Isn’t the Nobel Prize Wonderful?

Carol Reed and Graham Greene, photo by film director Larry Burrows
Carol Reed and Graham Greene, director and author of the movie «The Third Man», enjoy a refreshing glass of wine. Photo by film director Larry Burrows. What a lovely photo! What happened to Carol Reed's left ankle?

In 1974 Graham Greene, Vladimir Nabokov, and Saul Bellow were considered for the Nobel Prize in Literature, but all three were rejected in favor of a joint award for Swedish authors Eyvind Johnson and Harry Martinson, both Nobel judges themselves, and unknown outside their home country.

Bellow would win the Nobel Prize in Literature in 1976; neither Greene nor Nabokov — two of the most brilliant writers the English language has seen — ever won the prize.

But Icelandic novelist Halldór Laxness did! See 2012-01-19, above.

5 Replies to “Isn’t the Nobel Prize Wonderful?”

  1. And how many non-English speaking films have won a Best Picture Oscar?

    Very few Swedes have been awarded a Nobel Prize for Literature, and yes down the years there have been a few dud recipients (Pearl Buck, Winston Churchill etc) but I am most glad that writers as (for example) the wonderful Halldor Laxness are known to me more likely than not because he had Nobel Prize Winner attached to his name.

    It’s a lottery run by the Swedes so good for them.

    One can imagine the far narrower range there would be if (God help us!) an Australian Academy tried something similar. Though even that isn’t likely. All we have is the Radio National and its ilk inspired forelock-tugging to the wretched Booker.

  2. True, I suppose Mr Nobel can do whatever he likes with his own money. And at least they don’t have an entry fee.

  3. While I’m here, you mention the “wonderful Halldor Laxness”. Apart from the marvellous name, I know nothing about him. What makes him wonderful?

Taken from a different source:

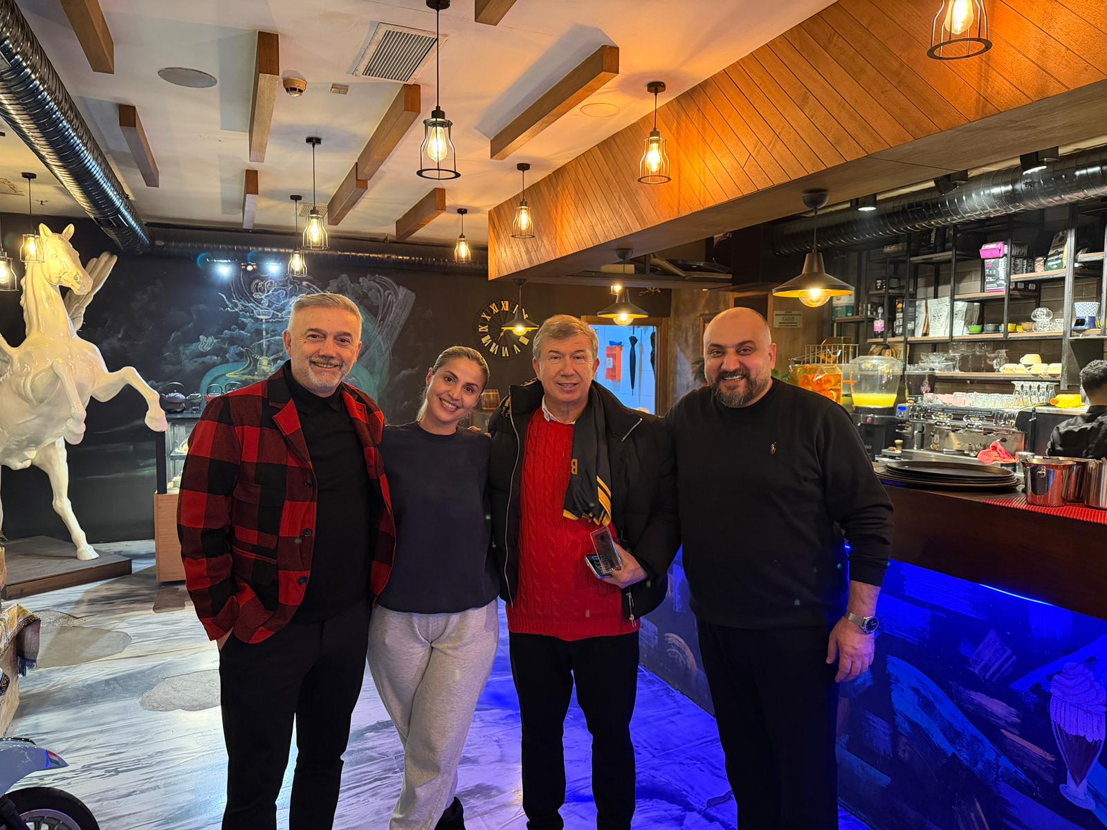Galatasaray’ın efsane futbolcusu Tanju Çolak ile Trabzonspor’un unutulmaz golcüsü Hami Mandıralı, akşam yemeğinde Ruşen Keleşoğlu ile bir araya geldi. Ruşen Keleşoğlu ve eşi Hicran Keleşoğlu efsane futbolcularla hatıra fotoğrafı çektirdi.

  4. Yes Halldor Laxness indeed wrote the wonderful ‘Independent People’ that Don Watson has so tellingly, recently referred to. He also wrote the amazing ‘World Light’
    recommended to me by the equally amazing Martin Duwell. This novel is centred on a poet, but guess what he ain’t any ordinary ‘great’ poet, he’s a rather banal bad (if not baaaad) poet, trying to make a career out of such verse. But in spite of or because of the subject matter the novel dammit works!

    I’ve rarely read a work where with almost Shakespearian skill the author veers from lunatic high farce to deepest tragedy.

  5. Yes, isn’t it wonderful!
    When the Rolling Stone published its list of TOP 100 GUITAR PLAYERS OF ALL TIME the lacunae were obvious and upsetting to all concerned, and people got sad or mad. How wonderful that there is such a wealth of praiseworthy and prize worthy authors in the 193 countries that nobody finds his favourites on a list of laureates. We are lucky.